> _Available data_
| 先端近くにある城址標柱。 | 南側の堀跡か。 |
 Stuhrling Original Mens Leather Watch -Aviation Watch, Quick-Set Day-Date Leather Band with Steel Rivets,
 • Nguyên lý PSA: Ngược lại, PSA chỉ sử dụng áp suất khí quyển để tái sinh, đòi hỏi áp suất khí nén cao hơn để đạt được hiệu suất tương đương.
* * *
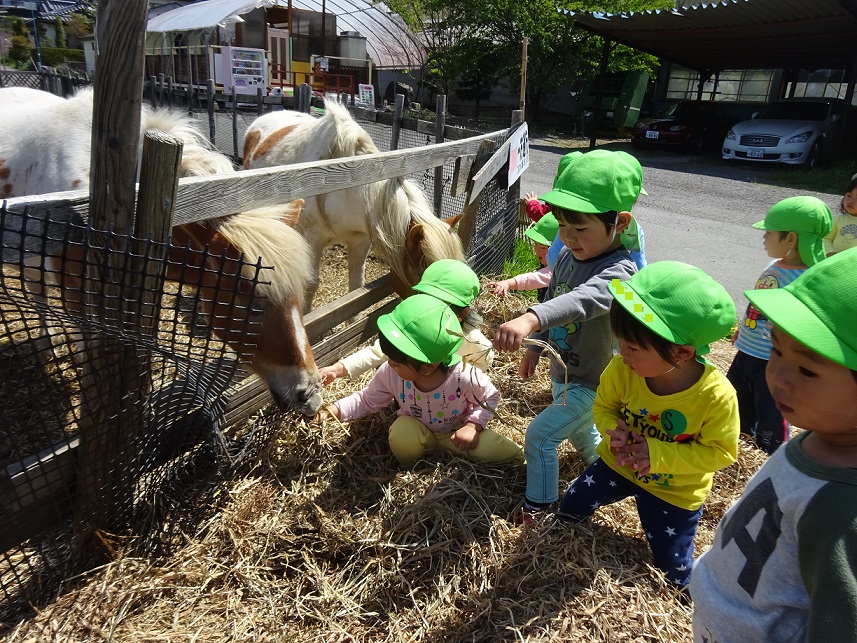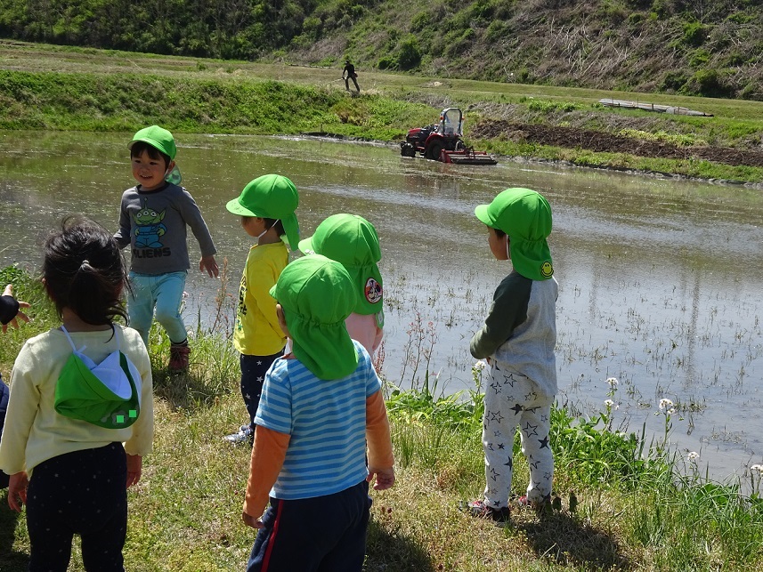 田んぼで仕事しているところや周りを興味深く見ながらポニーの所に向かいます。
==
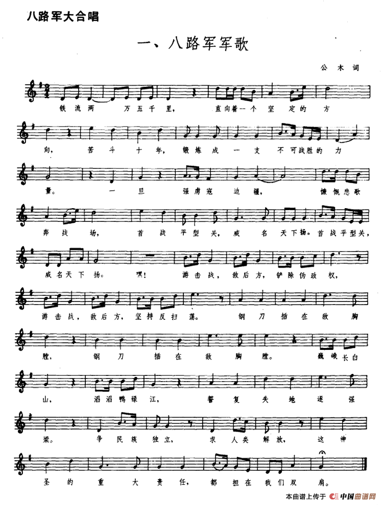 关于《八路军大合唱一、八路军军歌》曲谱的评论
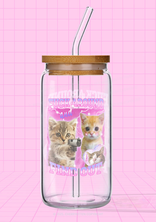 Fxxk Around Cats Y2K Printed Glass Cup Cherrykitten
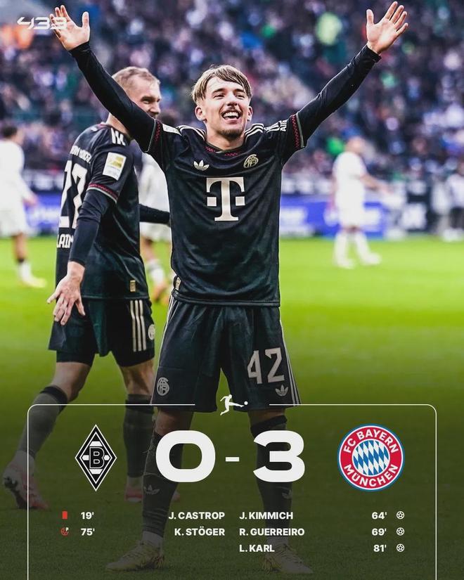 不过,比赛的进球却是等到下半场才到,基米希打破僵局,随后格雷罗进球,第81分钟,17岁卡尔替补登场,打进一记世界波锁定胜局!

> _Exercise prompt_
Where the line holding "先端近くにある城址標柱。 | 南側の堀跡か。 |" appears in the listing above, start reproducing exactly, and end with the line holding "suất tương đương.".

> _Solution_
| 先端近くにある城址標柱。 | 南側の堀跡か。 |
 Stuhrling Original Mens Leather Watch -Aviation Watch, Quick-Set Day-Date Leather Band with Steel Rivets,
 • Nguyên lý PSA: Ngược lại, PSA chỉ sử dụng áp suất khí quyển để tái sinh, đòi hỏi áp suất khí nén cao hơn để đạt được hiệu suất tương đương.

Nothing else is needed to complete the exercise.